Anyway thanks for this one. It hit that rare mix of technical, personal, and poetic. And it makes me hopeful that the labs thinking this way about agents are also thinking this hard about the structures we’ll need around them.
hi, thanks for reading and for the thoughtful comment (which I'm actually wondering could be AI generated? Such is the time we live in). The Drexler piece feels like it gestures at the world you're living in - we need to build institutions (collections of processes and principles) which we can plug a diverse set of agents into
Haha yep you nailed it that comment was a team effort, they all are 😂.
It was me + an AI assistant ( my PM ) doing exactly what you’re describing: ideas → execution → polish → rinse/repeat. I’ve stopped thinking of anything as “AI-generated” or not, and more a long the lines of “who do I need for what on this one?”

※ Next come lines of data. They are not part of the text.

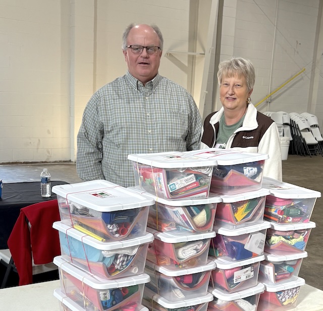 The Hayes Chapel Church delivered these beautiful plastic boxes Sunday afternoon to the drop-off center. Pictured with the boxes are Brian and Julie Campbell.
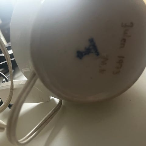 Lampe, AK kaiser, Smuk hvid/turkis med guldkant og cirklerne er også prikket op med guld. fra 1970
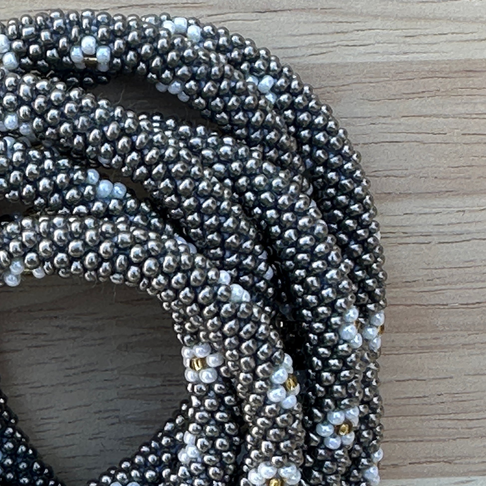 Chaque bracelet est conçu à partir de perles de verre enfilées sur un fil de coton résistant, selon une technique de crochetage en tube, qui donne au bijou toute sa souplesse et son confort. Les motifs et dessins sont parfois inspirés de traditions locales, parfois totalement libres : c’est ce qui rend chaque modèle unique.
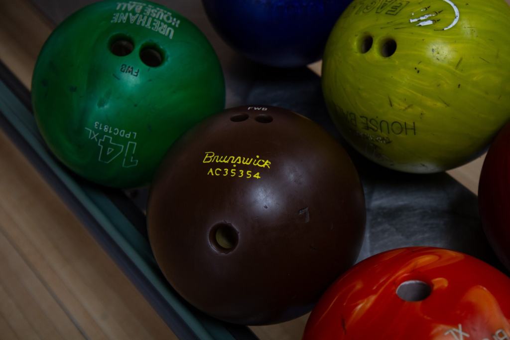 Years of strikes, spares, and gutter balls have left their mark, each ball a quiet witness to games long past. (Adelaide Martinsen, April 2025)

" Collections of processes and principles that a diverse set of agents can plug into.", Yep that’s along the lines of what we're doing:
a home-grown “OS” that acts like a little institution:
roles instead of one giant persona,
memory and policy that live outside any single model,
and different agents (Claude, other FMs, local models) slotted into those roles.

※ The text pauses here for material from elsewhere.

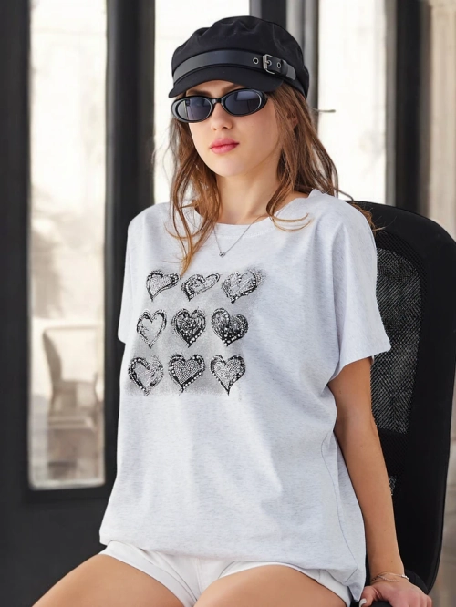 Royalfashion Naiste Puuvillane T-särk Palju Südameid

the agents aren’t the product... the structure is.
The models come and go; the workflows, guardrails, and shared memory stay.
Right now I’m very much in the “small lab, lots of rough edges” phase, but it feels like we’re building toward the same kind of world you’re gesturing at:
people + institutions + agents, not just “a chatbot.”
Really appreciate you taking the time to respond. It’s encouraging to see folks at Anthropic thinking in terms of institutions and processes and not just raw capability – that’s the conversation I’m most excited to keep having. And Jack FANTASTIC job on 4.5 Opus, you guys knocked it outa the park on that one !
Best,
John
Great piece. I would love to hear more about the Poison Fountain.
Hi! Loved reading your initial story. The way you pursue narration and writing alongside the other ai news really inspires me.
Do you have any advice for someone who wants to start using AI agents more? Is there a good resource—other than just using them?
Honestly, just use Claude Code (or Claude Cowork) for a while to develop your intuitions. If you have a blank page problem, then try to do something that's hard in a browser - e.g., context length limits can make hard to do multiple papers in a browser, but you can use CC to iteratively read and summarize arbitrary numbers of papers on your desktop, etc.
I didn’t get how you moved from eating a foil wrapped cheese sandwich to solving world inequality.
Be honest: did you use an agent to write this?
Nope, all hand written.
Excellent, Thanks for sharing!
Good signal-to-noise ratio in these roundups. The policy implications section is especially relevant.
Not ‘my agents are working’. ‘I’ve designed a system worth setting loose.’ That’s the real question. The orchestrator mindset is structurally different from the operator mindset, and most people won’t make that shift until it’s obvious.
Accurate. The evaluation methodology point especially — that's the hinge that a lot of architectural decisions turn on.